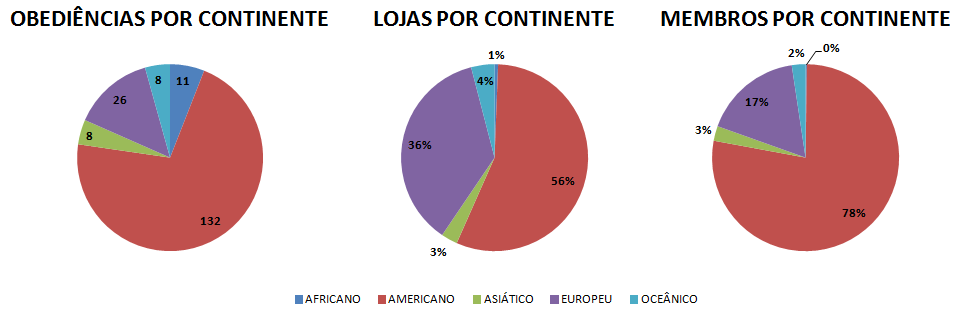 Atualmente, 185 Obediências constam no List of Lodges, abrangendo os cinco Continentes. O Continente Americano atualmente concentra 71% das Obediências reconhecidas internacionalmente, 56% das Lojas Maçônicas do mundo, e 78% dos maçons regulares.
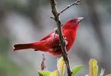 普通朱雀是雀形目雀科朱雀属鸟类,又名红朱雀、马料、青麻料。雄鸟上体红色,下体淡红色;头部、喉部、胸部及腰部亮红色;背部褐色染红色;两翼及尾黑褐色,羽缘染红色。雌鸟上体橄榄褐色,下体近白色,…全部>>
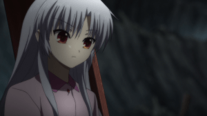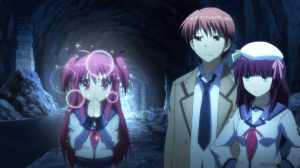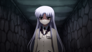 This is admittedly because of hindsight but I find myself very disappointed with how Angel Beats! resolves this whole clone fiasco. At Otonashi’s urging, the original Kanade uses Harmonics again, this time with the counter Yuri programmed in. To his horror however, a new clone reveals that reintegrating the clones means fusing their individual personalities into the original’s body. Not only does this cause severe pain for Kanade, it also implies that the hostile clone personality could become the dominant one in her mind. For me, there is so much potential with this consequence and it could’ve been the most interesting thing done with Kanade’s character. The clone persona could stay as a villain for at least another episode. Maybe reveal that the clone’s hostility actually stems from pent up feelings about the SSS opposing the original. The different personalities wrestle for control of the body. Have Otonashi help her out by reminding her how much she’s grown to enjoy being with the SSS, especially with him. That’s what I would’ve liked to see. But as revealed in the next episode, that’s not the direction Angel Beats! takes.
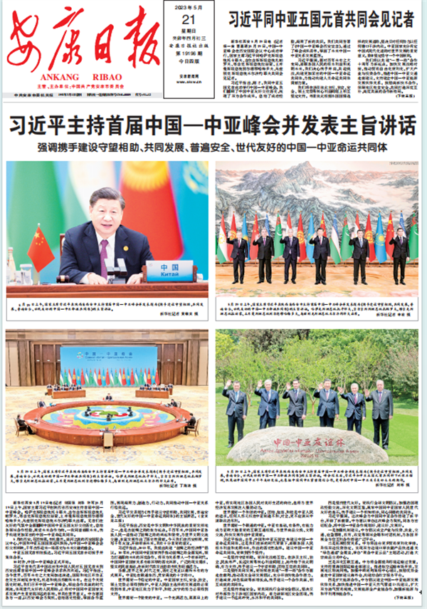 (2023年5月21日安康日報01版《習近平主持首屆中國——中亞峰會并發(fā)表主旨講話》)
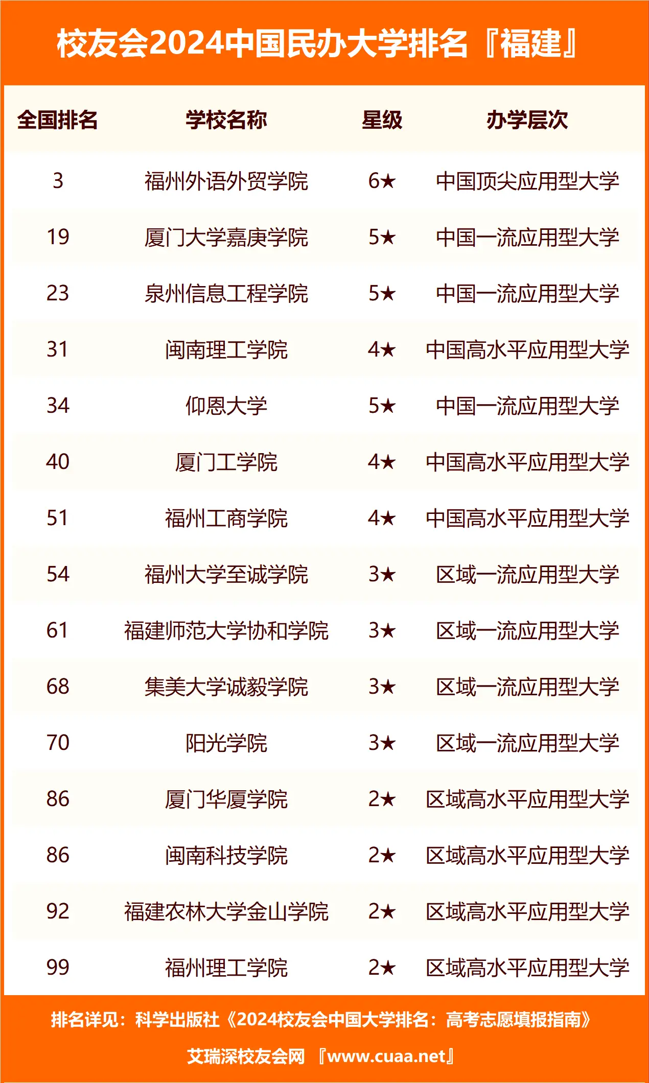 在2024年校友会中国大学排名名单中,福建民办大学排名前十名的是:

• EXERCISE:
Output the entries exactly and keep every picture out of them.

• RESULT:
 Atualmente, 185 Obediências constam no List of Lodges, abrangendo os cinco Continentes. O Continente Americano atualmente concentra 71% das Obediências reconhecidas internacionalmente, 56% das Lojas Maçônicas do mundo, e 78% dos maçons regulares.
 普通朱雀是雀形目雀科朱雀属鸟类,又名红朱雀、马料、青麻料。雄鸟上体红色,下体淡红色;头部、喉部、胸部及腰部亮红色;背部褐色染红色;两翼及尾黑褐色,羽缘染红色。雌鸟上体橄榄褐色,下体近白色,…全部>>
 This is admittedly because of hindsight but I find myself very disappointed with how Angel Beats! resolves this whole clone fiasco. At Otonashi’s urging, the original Kanade uses Harmonics again, this time with the counter Yuri programmed in. To his horror however, a new clone reveals that reintegrating the clones means fusing their individual personalities into the original’s body. Not only does this cause severe pain for Kanade, it also implies that the hostile clone personality could become the dominant one in her mind. For me, there is so much potential with this consequence and it could’ve been the most interesting thing done with Kanade’s character. The clone persona could stay as a villain for at least another episode. Maybe reveal that the clone’s hostility actually stems from pent up feelings about the SSS opposing the original. The different personalities wrestle for control of the body. Have Otonashi help her out by reminding her how much she’s grown to enjoy being with the SSS, especially with him. That’s what I would’ve liked to see. But as revealed in the next episode, that’s not the direction Angel Beats! takes.
 (2023年5月21日安康日報01版《習近平主持首屆中國——中亞峰會并發(fā)表主旨講話》)
 在2024年校友会中国大学排名名单中,福建民办大学排名前十名的是:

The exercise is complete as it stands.